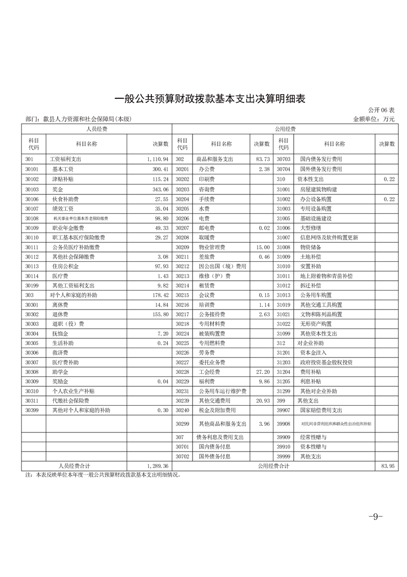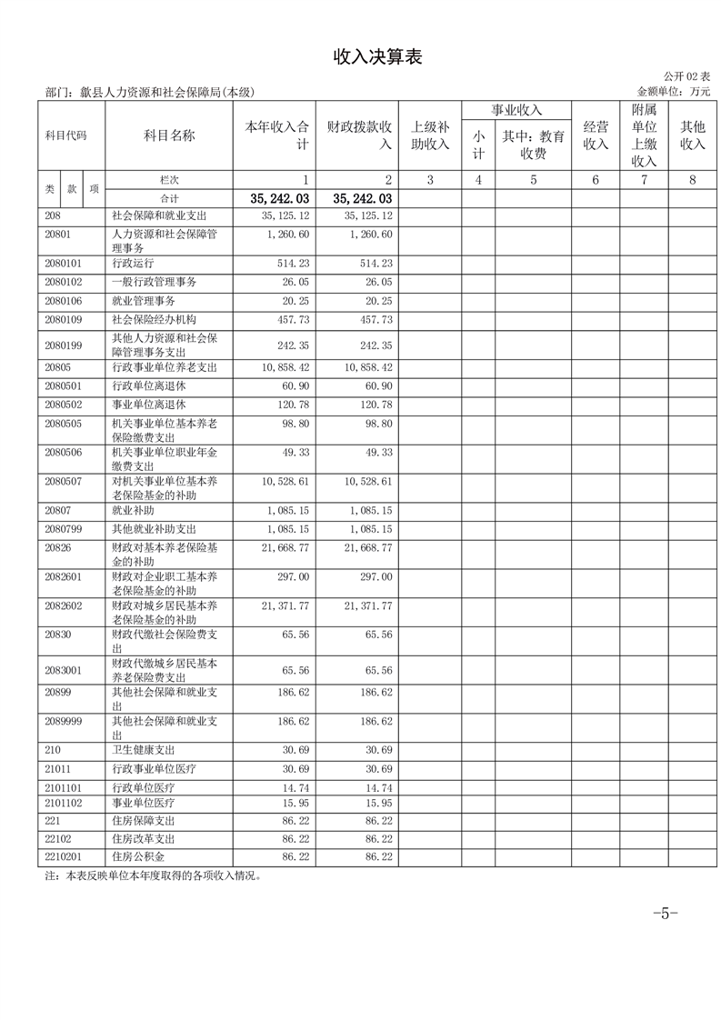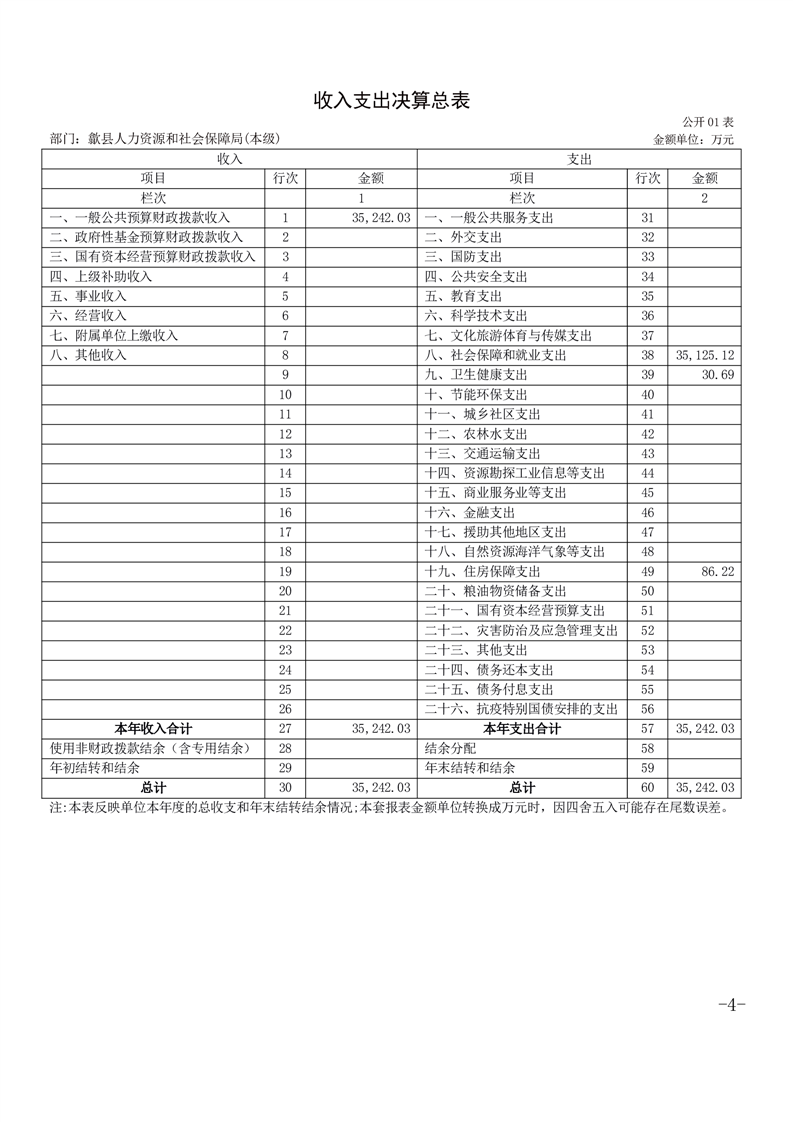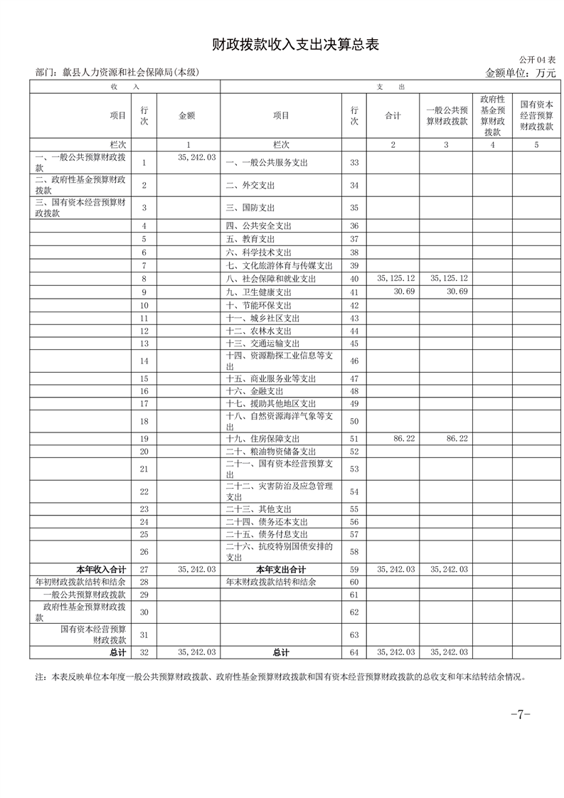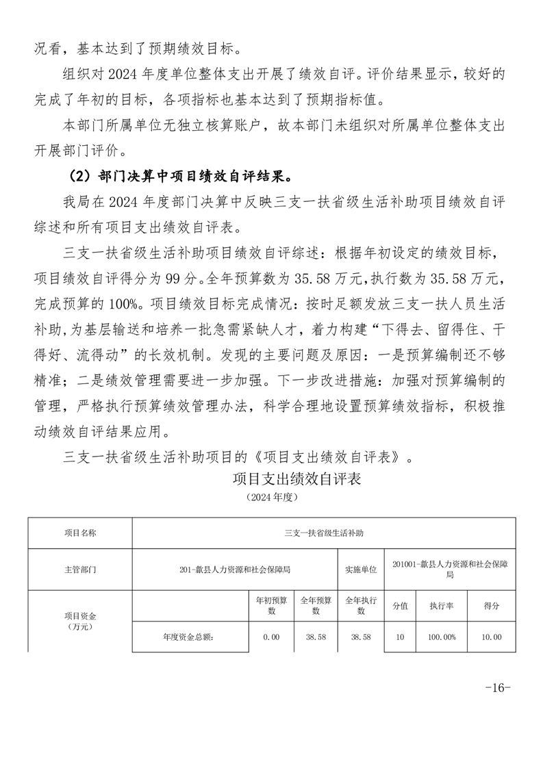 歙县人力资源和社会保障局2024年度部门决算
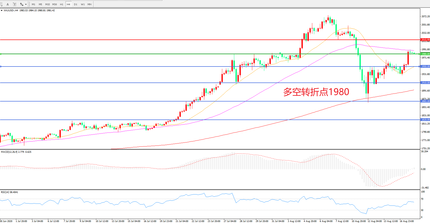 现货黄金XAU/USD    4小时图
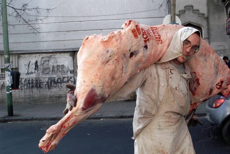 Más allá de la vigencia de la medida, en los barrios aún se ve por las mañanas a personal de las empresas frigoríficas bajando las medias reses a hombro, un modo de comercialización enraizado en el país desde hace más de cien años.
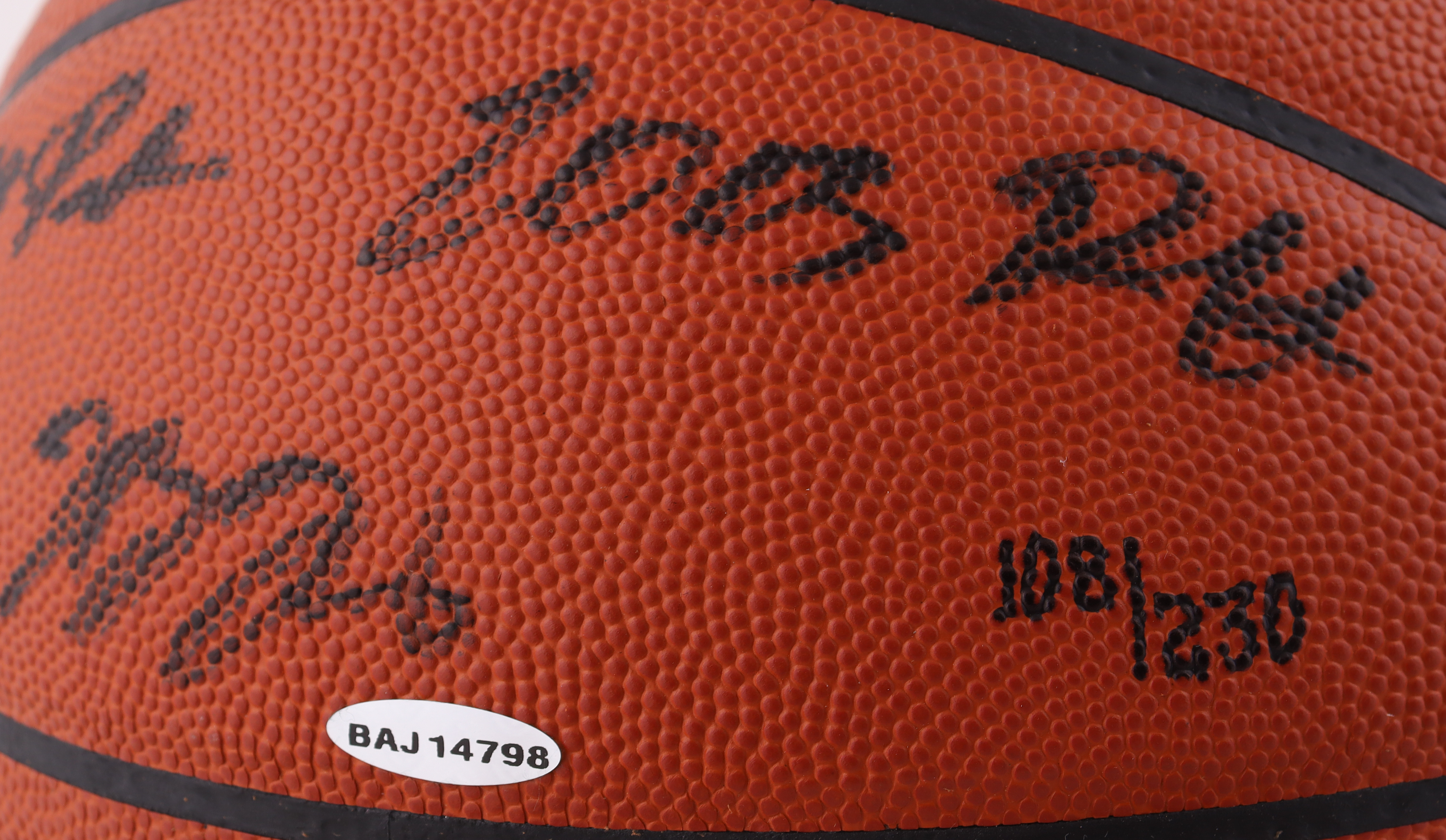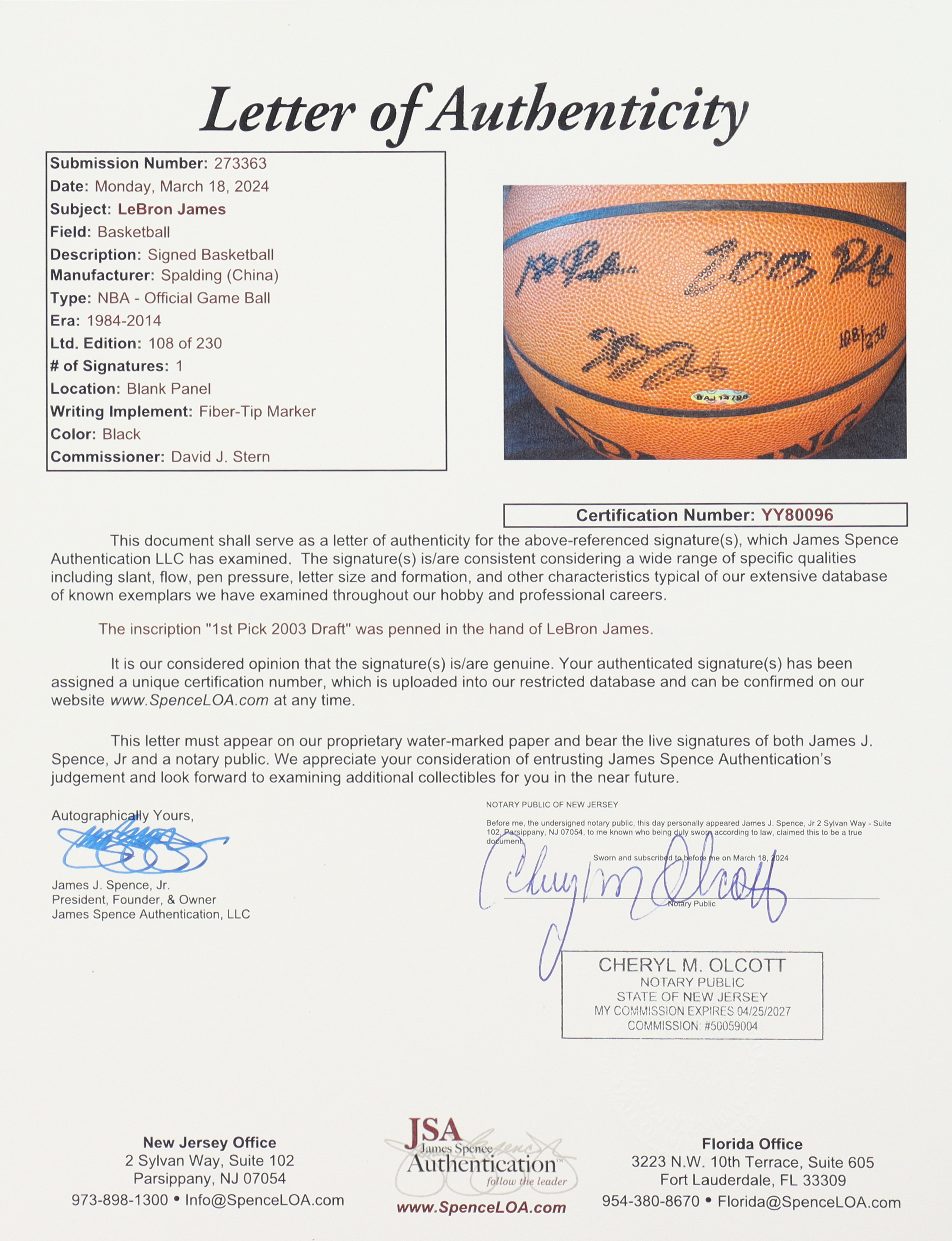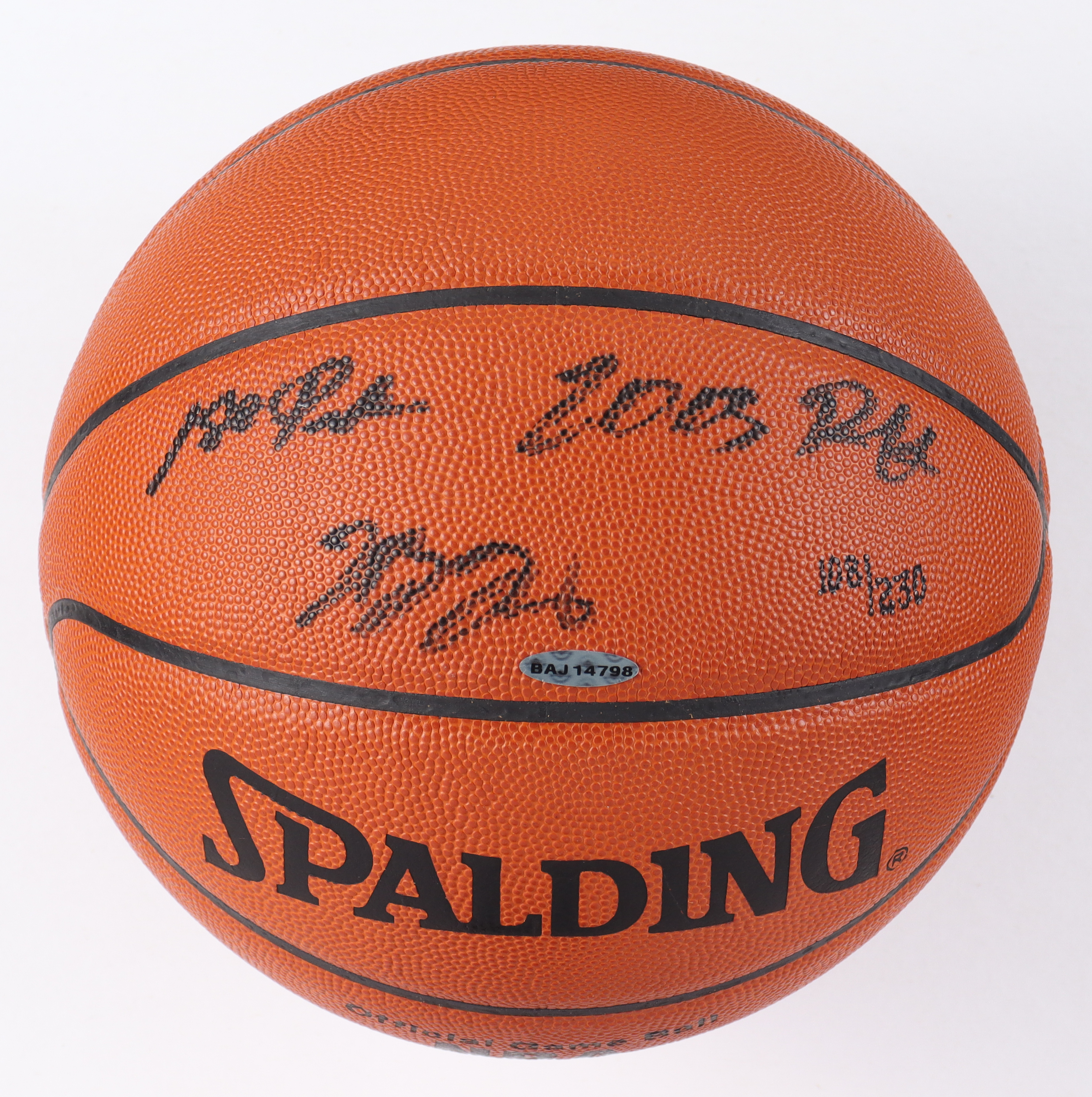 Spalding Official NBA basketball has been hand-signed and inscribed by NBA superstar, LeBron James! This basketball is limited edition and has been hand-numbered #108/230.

> [Problem requirements] The answer must be the lines above, word for word, from the first one through the line with "Más allá de", pictures excluded.

> [Result of this task]
 歙县人力资源和社会保障局2024年度部门决算
 现货黄金XAU/USD    4小时图
 Más allá de la vigencia de la medida, en los barrios aún se ve por las mañanas a personal de las empresas frigoríficas bajando las medias reses a hombro, un modo de comercialización enraizado en el país desde hace más de cien años.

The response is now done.